O Futuro é Asiático. Este é o título bem direto de um livro de Parag Khanna, americano de origem indiana. Motivo número 1: “Demograficamente, o futuro já é asiático. Mais de 50% da população mundial vive na Ásia”. Número 2: “De 35% a 40% da economia mundial está na esfera asiática”. Terceiro, não mencionado pelo autor, mas provocante: a China, principal motor e a locomotiva dessas transformações, almeja oferecer aos vizinhos, próximos ou mais distantes, um modelo de desenvolvimento e de sistema político. Uma espécie de “capitalismo controlado pelo partido” em que a estabilidade compensa a ausência de democracia.
Desde que a crise do coronavírus escapou da China e contaminou o planeta, os órgãos de propaganda do regime e seus apaniguados no mundo acadêmico ocidental aceleraram a mensagem. O principal argumento é o que transparece superficialmente no mapa-múndi. De um lado, o país onde tudo começou conseguiu conter a epidemia na faixa dos 4 500 mortos. Os tropeços iniciais foram corrigidos, a economia sofreu sem sair do eixo e o grande líder Xi Jinping comandou a importante vitória estratégica — palavras dele numa reunião de cúpula do Partido Comunista — contra o vírus. Do outro lado, o país cujo modelo político propiciou o florescimento da mais poderosa potência da história parece mal das pernas. A Covid-19 matou mais de 210 000 americanos, Trump conseguiu provocar mais desunião ainda mesmo acometido pela doença viral, o caos social com origem racial proporcionou cenas inacreditáveis e metade do país odeia a outra metade. Acima de tudo, os EUA parecem ter perdido a narrativa que assegurou sua hegemonia econômica, científica, militar e artística, a do país iluminado como um farol no alto de um morro, irradiando um sistema de liberdade e progresso como jamais houvera, ancorado numa Constituição criada por gênios e à prova de idiotas, pacote fechado e bem-sucedido.

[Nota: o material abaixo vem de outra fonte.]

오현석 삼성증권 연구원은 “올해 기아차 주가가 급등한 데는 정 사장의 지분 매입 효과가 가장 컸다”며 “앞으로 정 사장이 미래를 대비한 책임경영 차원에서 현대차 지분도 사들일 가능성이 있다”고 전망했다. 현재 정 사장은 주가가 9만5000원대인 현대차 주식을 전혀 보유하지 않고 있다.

“É melhor fritar hambúrgueres na América do que desfrutar a estabilidade pseudoconfuciana”
É claro que esse quadro foi exagerado, para o bem e para o mal, com fins de salientar a argumentação. E, acima de tudo, é para os EUA que os pobres, oprimidos e também remediados de todo o mundo sonham emigrar, nem que seja clandestinamente. É melhor fritar hambúrgueres na América do que desfrutar a estabilidade pseudoconfuciana promovida pelo partido único. Excetuando-se as elites globais que circulam em todas as esferas e nelas reproduzem seu modo privilegiado de vida, a China no máximo é um destino sonhado pelos norte-coreanos, submetidos a uma versão mais catastrófica e alucinada do que foi o maoismo.

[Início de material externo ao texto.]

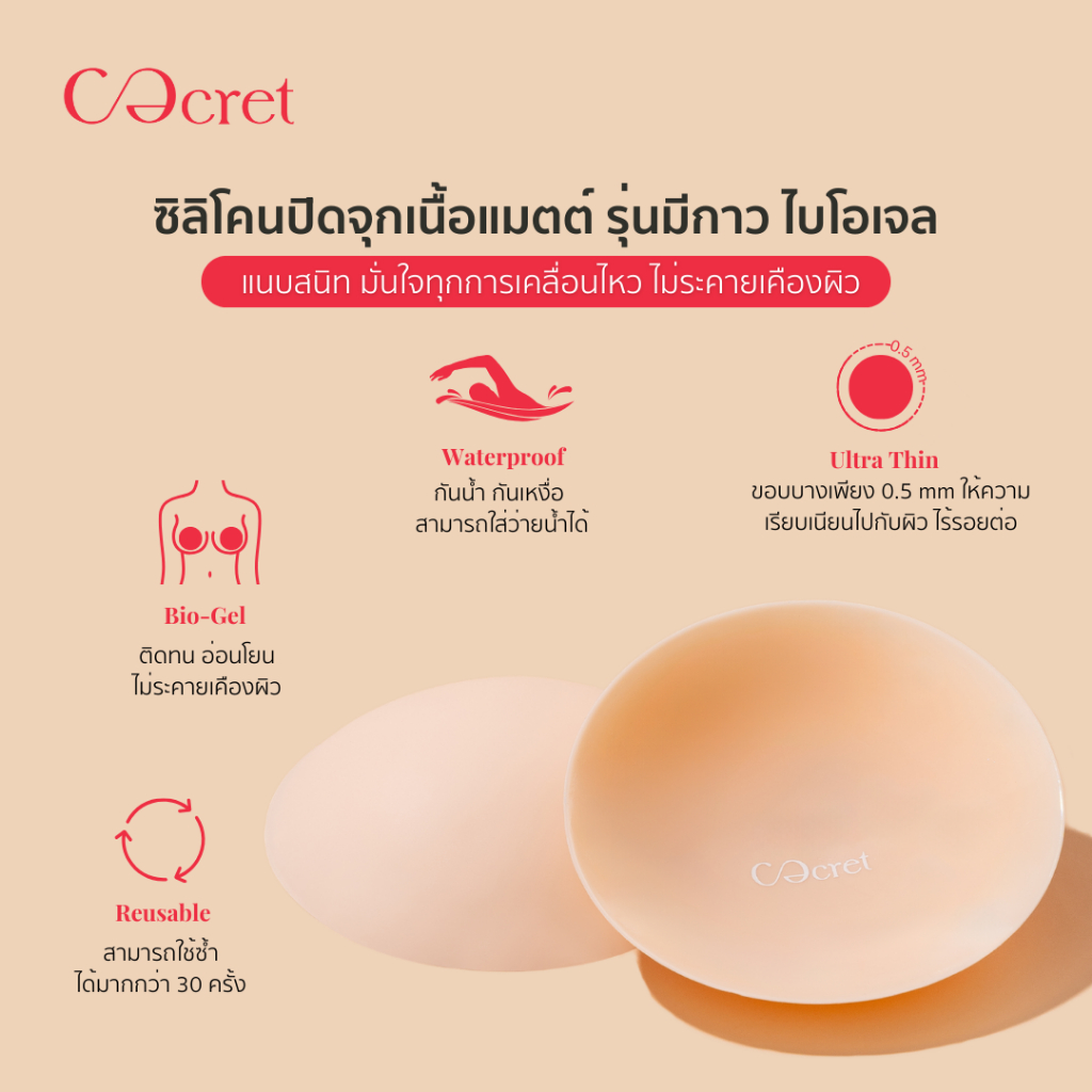CECRET SET ซิลิโคนปิดจุก ที่ปิดจุก เนื้อแมตต์ แบบมีกาว สูตรไบโอเจล อ่อนโยน ไม่ระคายเคืองต่อผิว

O modelo chinês é impensável nas democracias avançadas. Faz mais sentido em países asiáticos sem currículo democrático ou até na África, onde a China investe pesado e monta uma teia de acordos que reproduzem, à chinesa, os métodos de cooperação — e cooptação — que propiciaram a hegemonia americana. A teia já está sendo tecida também bem no quintal latino-americano dos EUA. “No século XIX, o mundo foi europeizado”, escreve Parag Khanna. “No século XX, foi americanizado. Agora, no século XXI, o mundo está sendo irreversivelmente asiaticanizado.” Vamos chorar de saudade do imperialismo americano?